--- EXERCISE PROMPT ---
From the line that contains "1. [Extra heavy" down to the last line of the data below, restate every line word for word, skipping any images.

--- DATA PROVIDED ---
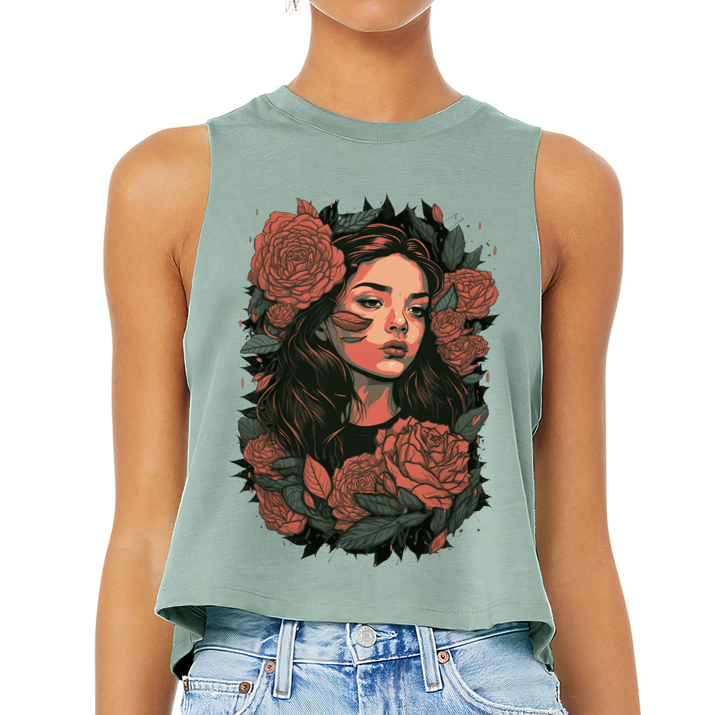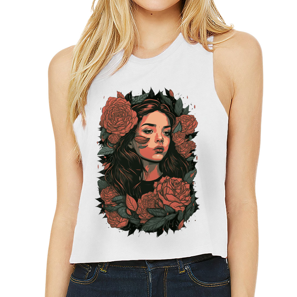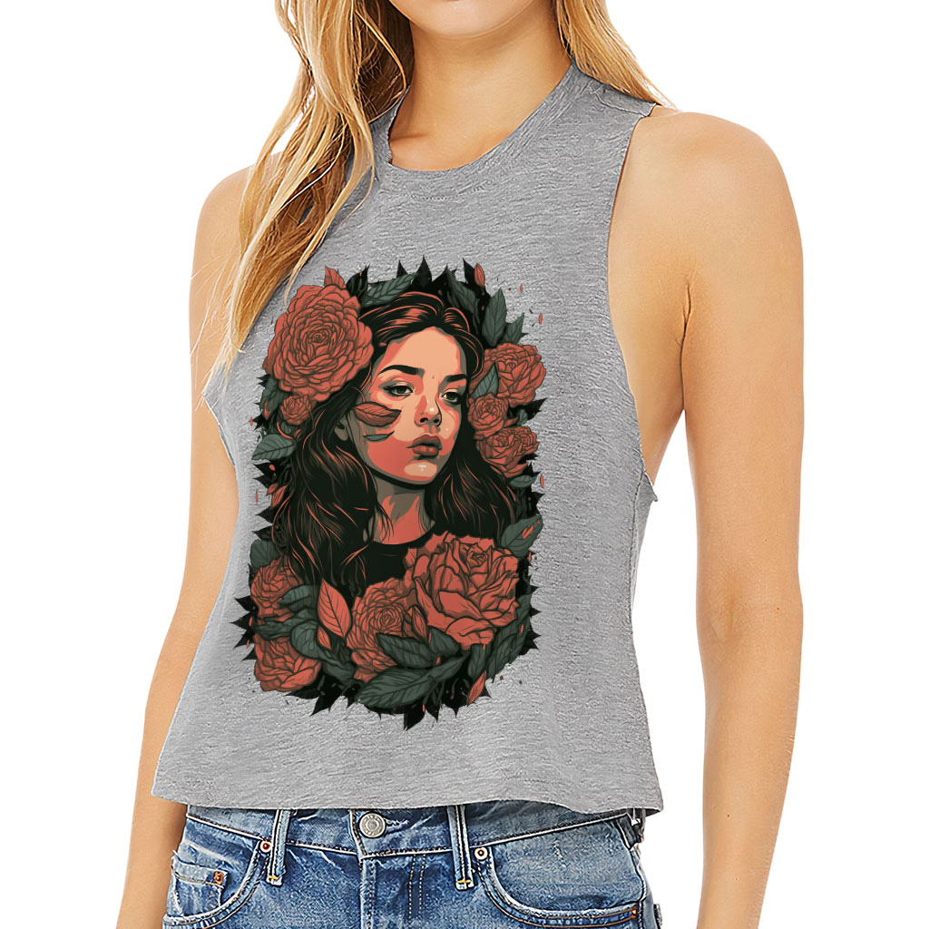 Rose Flower Racerback Cropped Tank is made of high-quality materials. 52/48 Airlume combed and ring-spun cotton/polyester jersey. Athletic Heather is 90/10 Airlume combed and ring-spun cotton/polyester jersey.
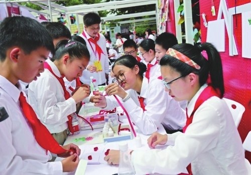 皮影戏、立体书、游戏棋,“红领巾学党史”游园会集齐了许多有意义又有意思的少先队学党史新形式;主题集会中,红领巾讲解员一展风采,用微队课讲述“党的故事”。 近日,团市委、市教委、市少工委在普陀区长风公园地下少先队群雕广场集会,举行“红领巾心向党”——2021年上海少年儿童庆“六一”迎“七一”主题活动。全市300余名少先队员代表共聚一堂,欢庆节日,共同庆祝中国共产党成立100周年。 记者 周胜洁 游园会 多形式展现红领巾学党史 市领导和少先队员们一起参加了“红领巾学党史”游园会,勉励少先队员要牢记习近平总书记的殷殷嘱托,珍惜大好时光,树立远大理想,学党史、知队史,从小坚定听党话、跟党走的决心,刻苦学习,增长本领,努力成长为能够担当民族复兴大任的时代新人。 以“百年百章”为主题的“红领巾学党史”游园会设在地下少先队群雕广场大草坪边,16个展区围绕庆祝中国共产党成立100周年,结合“百年百章”,突出红领巾学党史“一区一品”,让少先队党史学习教育既有意义又有意思。 中国共产党发起组成立地(《新青年》编辑部)旧址、中共一大会址、中共四大会址、中国社会主义青年团中央机关旧址等红色地标被“搬”到了活动现场。 在黄浦区“百年渔阳里少年说”展区,放着少先队员自己设计的“穿越长征游戏棋”和自己改编的《星星之火》手绘书,队员们将学习党史过程中的所见所闻所感写下来、画下来,手绘书包含了《信仰的味道》《建党十二时辰》等21个革命故事。 拓印篆刻、纪念邮戳、茭白叶编织等活动吸引队员积极参与、踊跃尝试。完成每项活动后,即可争得一枚红领巾奖章,争章地图上集满奖章的队员就能兑换惊喜礼物——一本少儿版《光荣之城:上海红色纪念地100》。队员们在精彩纷呈、趣味盎然的游园会中快乐游戏,通过学习了解中国共产党的创建发展历程,激起传承红色基因、争做时代新人的光荣感和责任感。 主题集会 地下少先队群雕全新揭幕 铿锵的鼓号和嘹亮的队歌声中,仪式活动拉开帷幕。陈靖同志为在“红领巾讲解员”活动中表现优秀的少先队员颁发“红领巾奖章”。吴信宝同志为新队员代表颁发《少先队员证》。 仪式环节由“传承红色基因”、“铭记光荣历史”和“争做时代新人”三大板块组成。《黎明前的红色少年》讲述了地下少先队员机智勇敢的斗争故事,将大家带回到解放前的上海。已故地下少先队铁木儿团长段镇同志爱人李惠芳同志,团市委、普陀区委、市儿童基金会的领导和队员代表共同为新修缮的地下少先队群雕揭幕,五彩缤纷的气球缓缓升起,飞向蓝天。 地下少先队群雕坐落于长风公园内,由少年儿童参加战斗浮雕、星星火炬铜雕队徽、少先队员不锈钢塑像和康克清题词石组成,展示了“地下少先队”这个组织的英勇足迹。地下少先队是由中共上海地下党创立和领导的,将少年儿童秘密组织起来,向他们传授革命道理。在党的领导下,地下少先队员们贴标语、发传单、侦察敌情,他们沉着冷静应对各种情况,为解放上海贡献力量。如今这座落成三十多年的纪念群雕完成修缮,在六一当天焕发崭新光彩。 现场,地下少先队员代表章大鸿带领全场少先队员重温入队誓词,庄严的承诺声响彻天空。章大鸿今年已88岁高龄,1946年进入洋泾中学后,他就加入了地下少先队,成为了《新少年报》的义务小发行员。章大鸿希望新时代少先队员能继承革命先辈的优良传统,努力学习,为振兴中华时刻准备着。 微队课 红领巾讲解员讲述“党的故事” 童声唱百年,领巾心向党。《卖报歌》《共产儿童团团歌》《红星歌》《让我们荡起双桨》《少年少年,祖国的春天》《红领巾飘起来》,一首首耳熟能详的歌曲唤醒了几代人的童年记忆。少儿版《光荣之城:上海红色纪念地100》也在现场发布。该书用儿童化语言图文并茂地讲述上海红色纪念地背后的故事,将吸引更多的少年儿童从党的光荣历史中汲取精神力量和历史智慧,知史爱党、知史明责,信心百倍、斗志昂扬地走向未来。 中共一大、二大、四大会址和龙华烈士陵园的红领巾小讲解员们带来微队会《党的故事我来讲》。小讲解员们在学长学姐的带领下,用创新的方式将党的故事讲给更多人听;从爸爸和姐姐手中接过珍藏的《党章》,指引自己走好人生道路;从“四大”到“五大”党员人数猛增的历史原因中汲取智慧,学习团结队员做“水中鱼”;龙华烈士陵园内,许多青少年因为看了《觉醒年代》来祭奠陈延年、陈乔年烈士,而《觉醒年代》的续集便是创造更美好的生活。 手持标语、中共一大会址手绘图等道具,来自黄浦区卢湾一中心小学的红领巾讲解员讲起了“望志路106号的灯光,点亮了新中国的希望与光明”。五年级少先队员撒贝蕾是红领巾讲解员代表,三年级暑假刚成为讲解员时,她就通过研学、网上查找资料等形式学习中共一大的历史并撰写讲解词,利用寒暑假、双休日进行现场讲解。如今撒贝蕾不但会用普通话、沪语讲解,还能用快板演绎。讲解的经历让她感受到如今幸福生活是来之不易的,在学习了习爷爷5月30日给江苏省淮安市新安小学的少先队员们回信后,更让她体会到“结合自身成长实际学好党史,以英雄模范人物为榜样”的重要性,“少先队员不能辜负祖国的期望,要刻苦学习、好好锻炼,成为全面发展
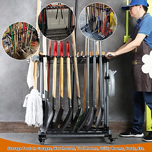 1. [Extra heavy duty] metal heavy duty tool cart, can hold 22 heavy duty long handled garden tools, 5 light duty cleaning tools, lots of small tools, maximum weight 300 lbs
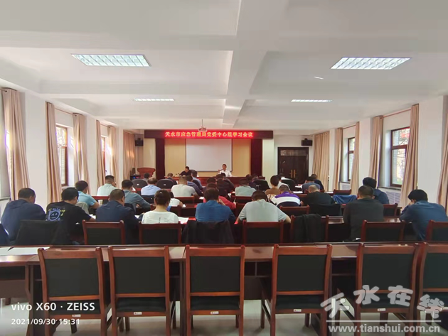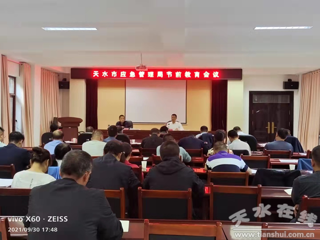 9月30日,天水市應(yīng)急管理局召開黨委中心組學(xué)習(xí)(擴(kuò)大)會議,局黨委書記陶勇主持會議并講話,在家局班子成員參加會議,各調(diào)研員和干部職工列席會議。
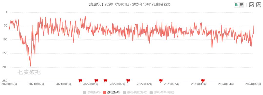 能在這樣的環境裏穩住陣腳的產品,多少都摸索出自己的絕活。其中《紅警OL》就是一個獨特的案例,從榜單走勢來看,在上線初期的熱度迴歸穩定後,這款產品還經歷了其他SLG沒遇到過的短期陣痛,但往後的幾年,《紅警OL》快速翻身進入穩定的長線發展期。

--- ANSWER TO THIS PROBLEM ---
 1. [Extra heavy duty] metal heavy duty tool cart, can hold 22 heavy duty long handled garden tools, 5 light duty cleaning tools, lots of small tools, maximum weight 300 lbs
 9月30日,天水市應(yīng)急管理局召開黨委中心組學(xué)習(xí)(擴(kuò)大)會議,局黨委書記陶勇主持會議并講話,在家局班子成員參加會議,各調(diào)研員和干部職工列席會議。
 能在這樣的環境裏穩住陣腳的產品,多少都摸索出自己的絕活。其中《紅警OL》就是一個獨特的案例,從榜單走勢來看,在上線初期的熱度迴歸穩定後,這款產品還經歷了其他SLG沒遇到過的短期陣痛,但往後的幾年,《紅警OL》快速翻身進入穩定的長線發展期。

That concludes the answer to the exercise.